The Fly on the Wall Tour was marred by bad publicity when serial killer Richard Ramirez was arrested. Ramirez, nicknamed the "Night Stalker" by the press, told police that "Night Prowler" from Highway to Hell (1979) had driven him to commit murder. Police also claimed that Ramirez was wearing an AC/DC shirt and left an AC/DC hat at one of the crime scenes. As Murray Engelheart observes in his book AC/DC: Maximum Rock & Roll, "It was just what the band's detractors had been waiting for and the media, especially in America, immediately seized on the case. Wild accusations that AC/DC were, in fact, devil worshippers were bandied about... The lyrics of 'Night Prowler' were carefully analysed and some newspapers attempted to link Ramirez's Satanism with AC/DC's name, somehow arriving at the conclusion that AC/DC actually stood for Anti-Christ, Devil's Child."
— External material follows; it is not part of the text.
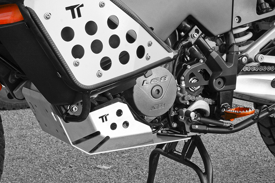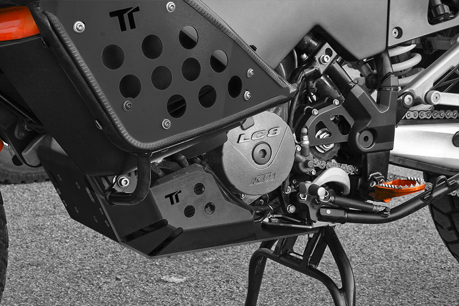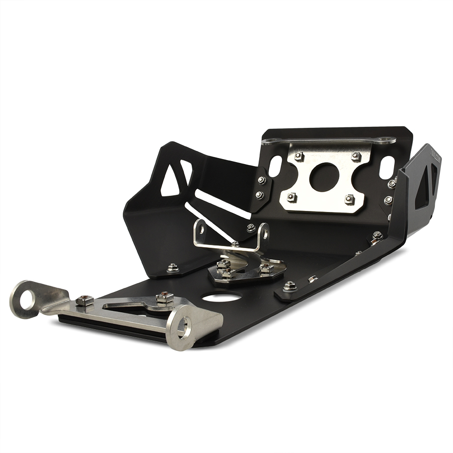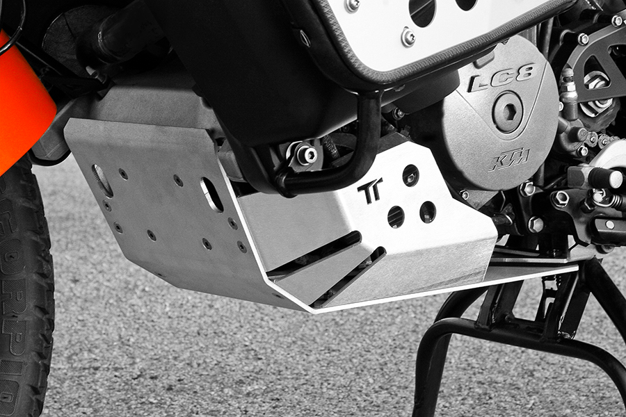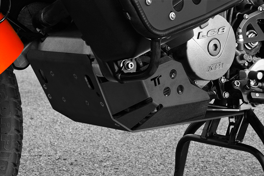 This extremely robust skid plate is specifically designed to tackle any type of terrain: off-road, raids, rallies, and gives the 950/990ADV. a particularly Racing look. It has been designed and produced by us to offer exceptional protection against frontal impacts, allowing complete protection of the engine block, right and left crankcases, and collectors. The Motorally skid plate also features an additional extension for total protection of the clutch cover.

The band maintained that the song had been given a murderous connotation by Ramírez, but is actually about a boy sneaking into his girlfriend's bedroom at night while her parents are asleep. In a 2000 interview for the MuchMoreMusic documentary The Story of AC/DC, Angus says wryly, "I can't remember the last black mass I attended."

==Track listing==

Side one
| No. | Title | Length |
|---|---|---|
| 1. | "Fly on the Wall" | 3:44 |
| 2. | "Shake Your Foundations" | 4:10 |
| 3. | "First Blood" | 3:46 |
| 4. | "Danger" | 4:22 |
| 5. | "Sink the Pink" | 4:15 |

Side two
| No. | Title | Length |
|---|---|---|
| 6. | "Playing with Girls" | 3:44 |
| 7. | "Stand Up" | 3:53 |
| 8. | "Hell or High Water" | 4:32 |
| 9. | "Back in Business" | 4:24 |
| 10. | "Send for the Man" | 3:36 |
| Total length: |  | 40:30 |

==Personnel==
- Brian Johnson – lead vocals
- Angus Young – lead guitar
- Malcolm Young – rhythm guitar, backing vocals
- Cliff Williams – bass guitar, backing vocals
- Simon Wright – drums, percussion

===Production===
- Produced by Angus and Malcolm Young
- Mark Dearnley – engineer
- Bob Defrin – art director
- Todd Schorr – cover illustration
- SMAY Vision – booklet design (reissue)
- Ebet Roberts, George Bodnar, Barry Plummer – photography

==Charts==

Chart performance for Fly on the Wall
| Chart (1985) | Peak position |
|---|---|
| Australian Albums (Kent Music Report) | 4 |
| Austrian Albums (Ö3 Austria) | 16 |
| Canada Top Albums/CDs (RPM) | 30 |
| Dutch Albums (Album Top 100) | 26 |
| Finnish Albums (Suomen virallinen lista) | 7 |
| German Albums (Offizielle Top 100) | 14 |
| New Zealand Albums (RMNZ) | 22 |
| Norwegian Albums (VG-lista) | 17 |
| Swedish Albums (Sverigetopplistan) | 10 |
| Swiss Albums (Schweizer Hitparade) | 19 |
| UK Albums (Official Charts) | 7 |
| US Billboard 200 | 32 |

| Chart (2026) | Peak position |
|---|---|
| Greek Albums (IFPI) | 33 |

==Certifications==

| Region | Certification | Certified units/sales |
| Australia (ARIA) | 3× Platinum | 210,000^{^} |
| Germany (BVMI) | Gold | 250,000^{^} |
| Spain (Promusicae) | Gold | 50,000^{^} |
| Switzerland (IFPI Switzerland) | Gold | 25,000^{^} |
| United Kingdom (BPI) | Silver | 60,000^{^} |
| United States (RIAA) | Platinum | 1,000,000^{^} |
^{^} Shipments figures based on certification alone.